_Directions_:
Each entry below needs to be transcribed verbatim; the images should not appear.

Data provided Start Marker

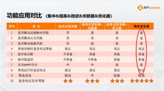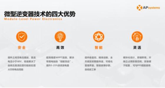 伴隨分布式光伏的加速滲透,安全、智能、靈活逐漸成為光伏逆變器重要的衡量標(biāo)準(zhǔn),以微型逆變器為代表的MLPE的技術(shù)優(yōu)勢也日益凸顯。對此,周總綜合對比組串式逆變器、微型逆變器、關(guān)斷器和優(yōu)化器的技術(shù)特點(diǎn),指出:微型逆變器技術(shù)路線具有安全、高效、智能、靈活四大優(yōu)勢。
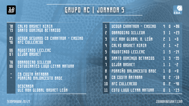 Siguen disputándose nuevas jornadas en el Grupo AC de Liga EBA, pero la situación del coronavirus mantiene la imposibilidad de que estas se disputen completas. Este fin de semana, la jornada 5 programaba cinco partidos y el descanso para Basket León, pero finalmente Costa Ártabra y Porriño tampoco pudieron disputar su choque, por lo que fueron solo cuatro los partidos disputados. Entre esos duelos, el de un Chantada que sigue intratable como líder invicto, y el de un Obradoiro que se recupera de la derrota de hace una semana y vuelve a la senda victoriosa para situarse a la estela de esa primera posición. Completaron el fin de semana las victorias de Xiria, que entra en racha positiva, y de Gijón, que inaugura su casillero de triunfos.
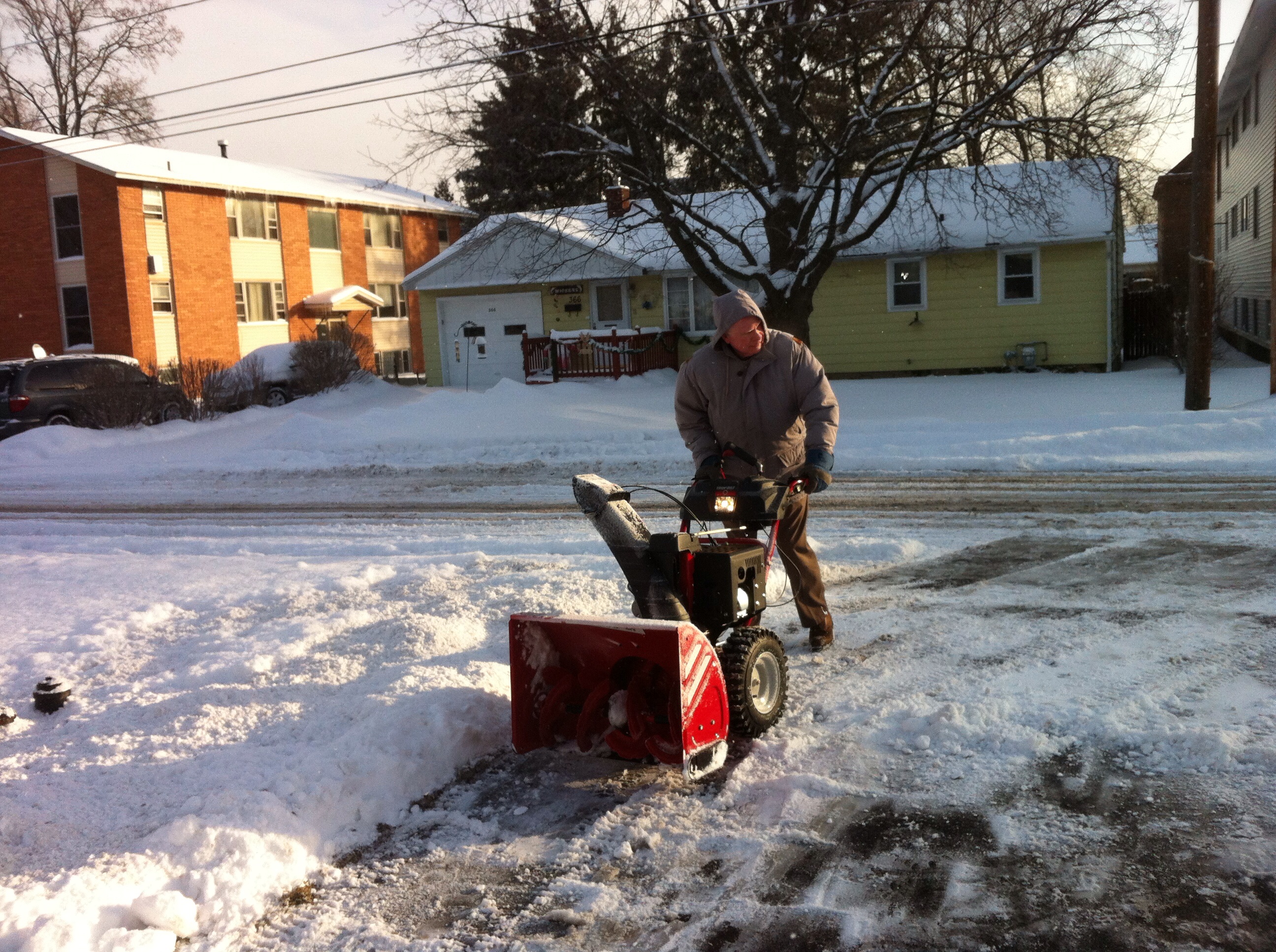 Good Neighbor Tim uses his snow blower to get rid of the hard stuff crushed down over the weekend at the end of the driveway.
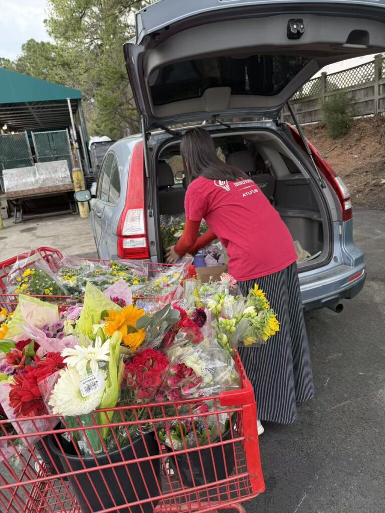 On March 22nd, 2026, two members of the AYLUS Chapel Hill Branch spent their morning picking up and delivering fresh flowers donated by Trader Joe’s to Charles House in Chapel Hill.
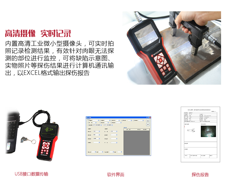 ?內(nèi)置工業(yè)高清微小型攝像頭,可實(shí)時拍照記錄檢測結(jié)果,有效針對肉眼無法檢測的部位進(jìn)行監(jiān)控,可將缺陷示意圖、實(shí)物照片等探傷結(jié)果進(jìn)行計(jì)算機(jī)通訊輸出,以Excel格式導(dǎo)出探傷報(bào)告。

Data provided End Marker

_Task result_:
 伴隨分布式光伏的加速滲透,安全、智能、靈活逐漸成為光伏逆變器重要的衡量標(biāo)準(zhǔn),以微型逆變器為代表的MLPE的技術(shù)優(yōu)勢也日益凸顯。對此,周總綜合對比組串式逆變器、微型逆變器、關(guān)斷器和優(yōu)化器的技術(shù)特點(diǎn),指出:微型逆變器技術(shù)路線具有安全、高效、智能、靈活四大優(yōu)勢。
 Siguen disputándose nuevas jornadas en el Grupo AC de Liga EBA, pero la situación del coronavirus mantiene la imposibilidad de que estas se disputen completas. Este fin de semana, la jornada 5 programaba cinco partidos y el descanso para Basket León, pero finalmente Costa Ártabra y Porriño tampoco pudieron disputar su choque, por lo que fueron solo cuatro los partidos disputados. Entre esos duelos, el de un Chantada que sigue intratable como líder invicto, y el de un Obradoiro que se recupera de la derrota de hace una semana y vuelve a la senda victoriosa para situarse a la estela de esa primera posición. Completaron el fin de semana las victorias de Xiria, que entra en racha positiva, y de Gijón, que inaugura su casillero de triunfos.
 Good Neighbor Tim uses his snow blower to get rid of the hard stuff crushed down over the weekend at the end of the driveway.
 On March 22nd, 2026, two members of the AYLUS Chapel Hill Branch spent their morning picking up and delivering fresh flowers donated by Trader Joe’s to Charles House in Chapel Hill.
 ?內(nèi)置工業(yè)高清微小型攝像頭,可實(shí)時拍照記錄檢測結(jié)果,有效針對肉眼無法檢測的部位進(jìn)行監(jiān)控,可將缺陷示意圖、實(shí)物照片等探傷結(jié)果進(jìn)行計(jì)算機(jī)通訊輸出,以Excel格式導(dǎo)出探傷報(bào)告。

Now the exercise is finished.